I work in the field of suicide prevention and postvention. Every day I work alongside colleagues doing everything they can to prevent future suicides and help in the healing process for those whom have lost a loved one. I help launch LOSS Teams all across the country. I am an author and a licensed therapist doing grief work for new survivors. I am also a two-time suicide-loss survivor myself. My professional life is all about suicide and I am passionate about it.
My personal life; however, is more, well, personal. And there is a reason for that. I am a writer and have shared personal feelings and emotions around the suicide death of my mom but only certain emotions, attitudes, feelings, and experiences. Not because they are too personal or intimate to share. Quite the contrary, in fact. The reason I do not share them is because they are not acceptable to my colleagues or other suicide-loss survivors.
My colleagues have created safe language to discuss suicide and suicide-loss so that nobody gets triggered, is offended, hurt, or otherwise further traumatized by the words someone speaks about their own experience. I think there is validity to all of this and I appreciate the boundaries to keep everyone safe especially as it relates to others describing the death scene. However, there is a very obvious consequence to the “safe language” and it is not a popular opinion to have or express, especially as a professional who is expected to be PC in all things surrounding the topic of suicide.

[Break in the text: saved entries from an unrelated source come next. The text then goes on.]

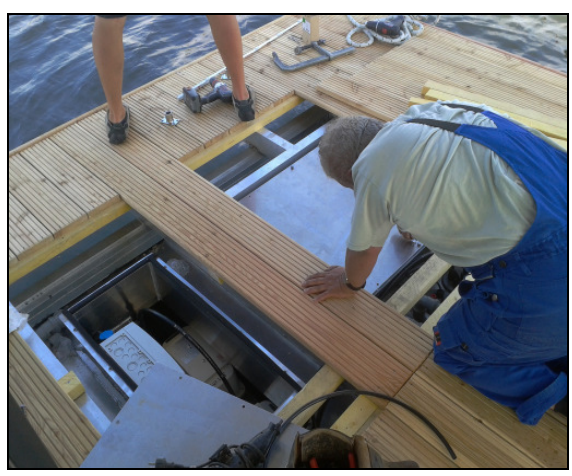
Tank 1: Septic tank with additional space for equipement in the starbord-floating body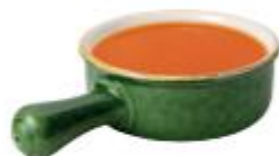
Tomato soup 200 gram (half a large tin)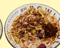
兰州干拌面 Dry Noodle with Stir-fried Mixed Vegetables $19.80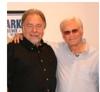
"Tonight I Just Don't Give A Damn"

https://www.youtube.com/watch?v=0q223jSH89U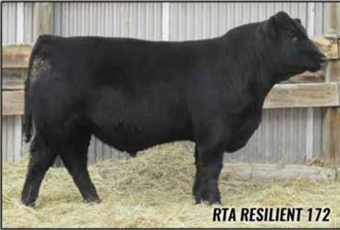
RTA RESILIENT 172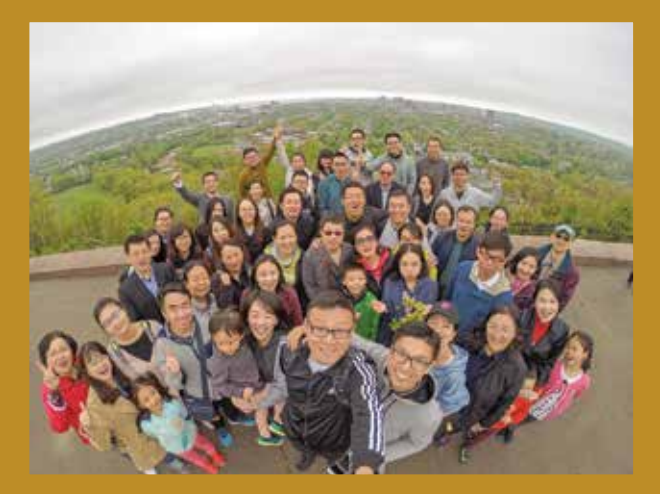
2018 CHPAMS members enjoy a team-building hiking after the organization's second biennial conference held at Yale University in May 2018.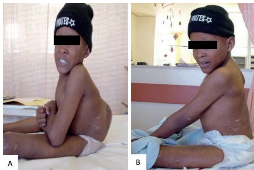
Fig. 2. (A) Patient with marked kyphotic deformity. (B) Patient after kyphectomy and posterior fusion.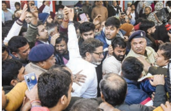
Jan Suraj Party chief Prashant Kishor leaves a local court in Patna on Monday.

The former poll strategist, who started his fast unto death on January 2, demanding, among other things, cancellation of the Combined Competitive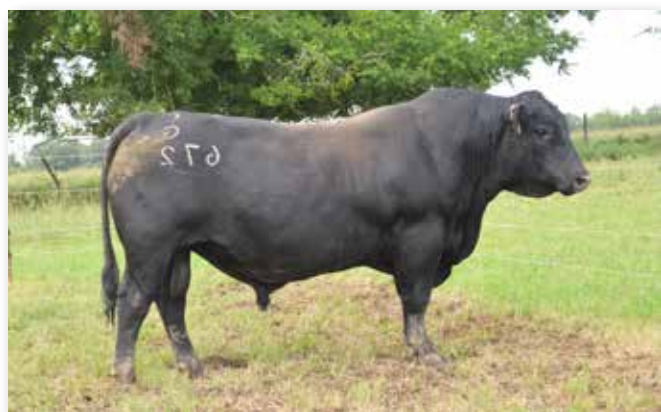
Lot 36 - CK Fort Benning D672G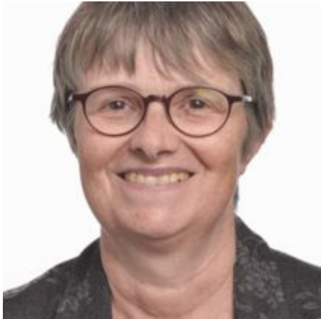
Molly Scott Cato

I have heard fellow suicide-loss survivors express their feelings of anger toward the one who died by suicide only to have other survivors or professionals jump in to say, “Your loved one was hurting. How can you be angry at them?” Or when survivors express, “My husband was so selfish for leaving me and the kids. I have two small children and no job, how are we going to survive?” To which, again, others jump in to say, “How dare you say they were selfish! They were not!”
By monitoring and censoring how survivors are “allowed” to express their grief into what others feel is “acceptable” is abusive. Why can’t they be angry? Why can’t they feel their loved one was selfish? Why can’t they feel abandoned or betrayed? These feelings are completely natural parts of grief and when another person inserts themselves to say, “That opinion or belief is not appropriate and we do not talk about those who died by suicide like that” then we actually stifle their grief.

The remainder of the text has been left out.